The True Test of Divine Relationship: Matthew 7.15-23
Jesus’ logic is brutal and relentless. Good trees produce ‘good fruit’, bad trees produce ‘bad fruit’. Therefore, if you find a person who, while obviously not perfect (who is!), produces consistently ‘good fruit’ you will have found a person who is on the narrow way and one who is living in the state of ‘eternal life’. Here this state of ‘eternal life’ is not based on any believing in or commitment to Christ, but is the direct outcome of a life that seeks those things that are ‘dearest to the heart of God’. What is it that sums up this great heart-beat of God? It is nothing other than "Do to others what you would have them do to you"!
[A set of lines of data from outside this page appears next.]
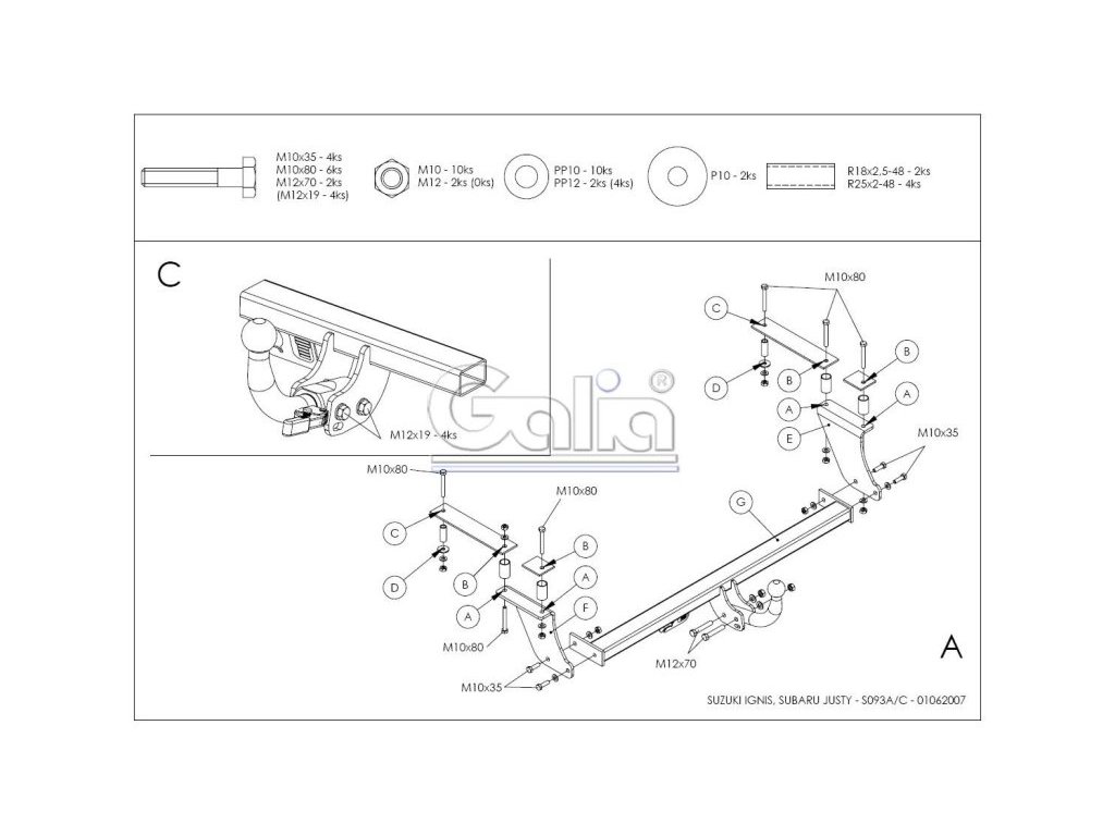 Tažné zařízení Suzuki Ignis 2003-2006 , pevný čep 2 šrouby, Galia
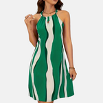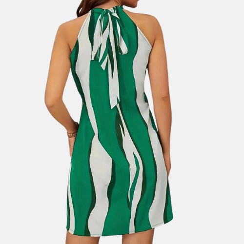Olga - Šaty s krátkým zavazováním za krk, odhalenými zády a pruhovaným vzorem
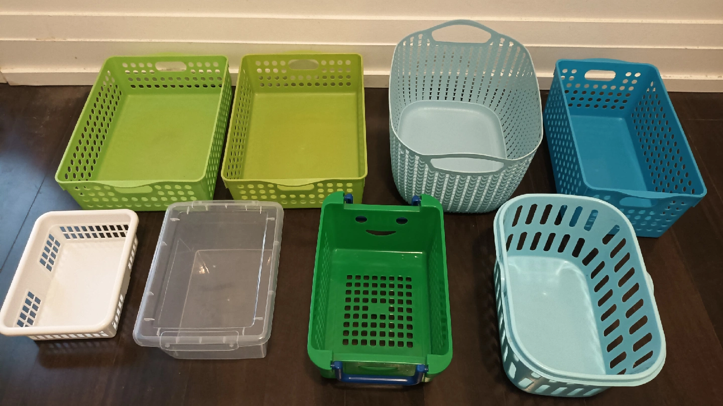 Selling a collection of assorted storage baskets in various colours and sizes! Great for organizing your home, office, or kids' room. Includes green, blue, white, and clear options. All in good condition and ready for a new home

Jesus goes further and says something that still sends disturbing shivers down the theological spines of evangelicals. He declares that not everyone who confesses the Lordship of Jesus Christ and can claim success in prophecy and demonic deliverance in Christ’s name will automatically enter the kingdom of God. Evangelical consternation arises because Jesus’ declaration appears to radically fly in the face of what Paul would later assert in Romans 10.9, “That if you confess with your mouth, ‘Jesus is Lord,’ and believe in your heart that God raised him from the dead, you will be saved.”
But Jesus is quite specific. Only those who do "the will of my Father in Heaven" qualify for the kingdom. And what is the will of the Father? Once again Jesus spells it out. ‘The will of the Father’ in this Matthew 7 teaching, is not ‘faith in Christ’. It is nothing other than the ‘Golden Rule’. These ‘good trees’ are, to change the metaphor (7.24-27), those whose lives are ‘built on the rock’ of the golden rule. These are the wise men and women who survive the storms of life.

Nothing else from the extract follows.